Tuesday, April 15, 2008 4:04:01 AM (Eastern Daylight Time, UTC-04:00)  #    Disclaimer  |  Comments [1]  | 
Tuesday, April 15, 2008 10:39:53 PM (Eastern Daylight Time, UTC-04:00)
I agree with your conclusions. The big problem of the industry is that the wrong paradigms are being applied to it. As you try to explain programing isn't about science, it's about art, it is an art, it requires skill. Part of the problem is that we are loosing some of the perceived definition of "art", it's a creative and skilled process, "craft" is similarly loosing this meaning; they are changing to mean "creative product". This has resulted in the downgrading of the definitions of craftsman and artisan to being synonyms of laborer. This has come about because of the Industrial Revolution (IR), the IR resulted in craftsmen becoming less important, the importance of artistic ability in the work force essentially disappeared. The IR was able to take place because it require hardly any skilled labor. Workers in productions were all skilled craftsman before the IR but the IR changed the paradigm, the number of craftsmen were reduced, those that remained eventually ended up in the equivalent of R&D, the production was handled by the cheapest labor around, which was unskilled. The Industrial Revolution was fueled by Science, and it changed everything.

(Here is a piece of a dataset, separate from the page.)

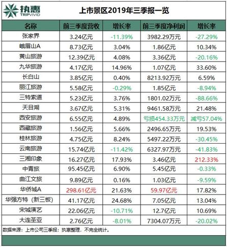 最典型的如我们所熟知的张家界,更是交出了前三季度营收下滑11.39%,利润下滑27.29%的成绩单,可谓“山穷水尽”的杰出代表。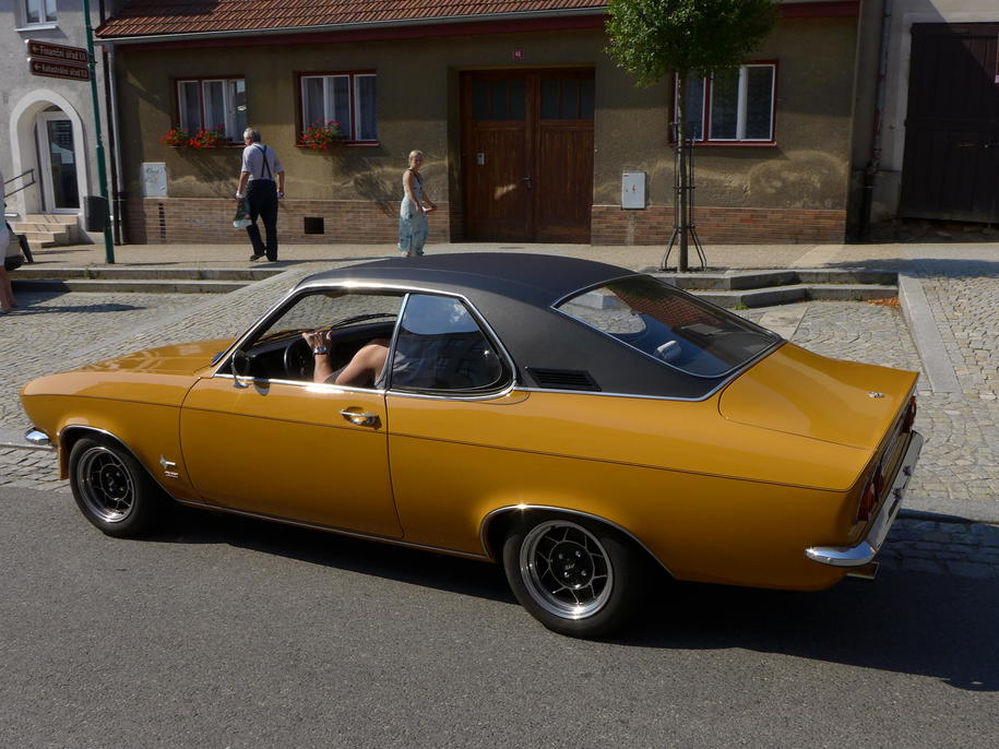 Opel Manta se stylově oblečenou posádkou – úplně jak z filmu Manta, Manta. Jen ta roztoužená kadeřnice jim chyběla :) .

The software industry is a child of the Industrial Revolution, it can't escape the IR paradigms and as it has grown people have continually tried to apply the old IR paradigms to it. The IR paradigm of using unskilled labor doesn't work. We need to go back to the pre-IR paradigms that center on craftsmen and artisans or wait for science to catch up.

I solute you for coming to these conclusions without bringing it into it's historical context. You recognized something was wrong and articulated it well though some mention of the history would have helped.

If history is any judge of the future, then the IR paradigms will win out in the end and programing will cease to be an art of creative process & skill, and become an art of creative product. We have seen this happen in other areas of art, take pictures for example: first there were paintings, then there were photographs, there there was Photoshop; each subsequent invention made the production of pictures easier.

The next step for programing languages will be to evolve to the point where they are easier to use. The skill in programing is in navigating the murky waters, knowing where the sandbars are, how to recognize them and avoid them. Like the introduction of GPS, extremely high level languages will spell the death of these skills and the IR paradigms will take over once more.

On the flip side, we may hit a wall and be unable to make programing languages that are smart enough to cope with our playful jumble of doublespeak and hidden meanings. As they say: Time flies like an arrow, fruit flies like a banana.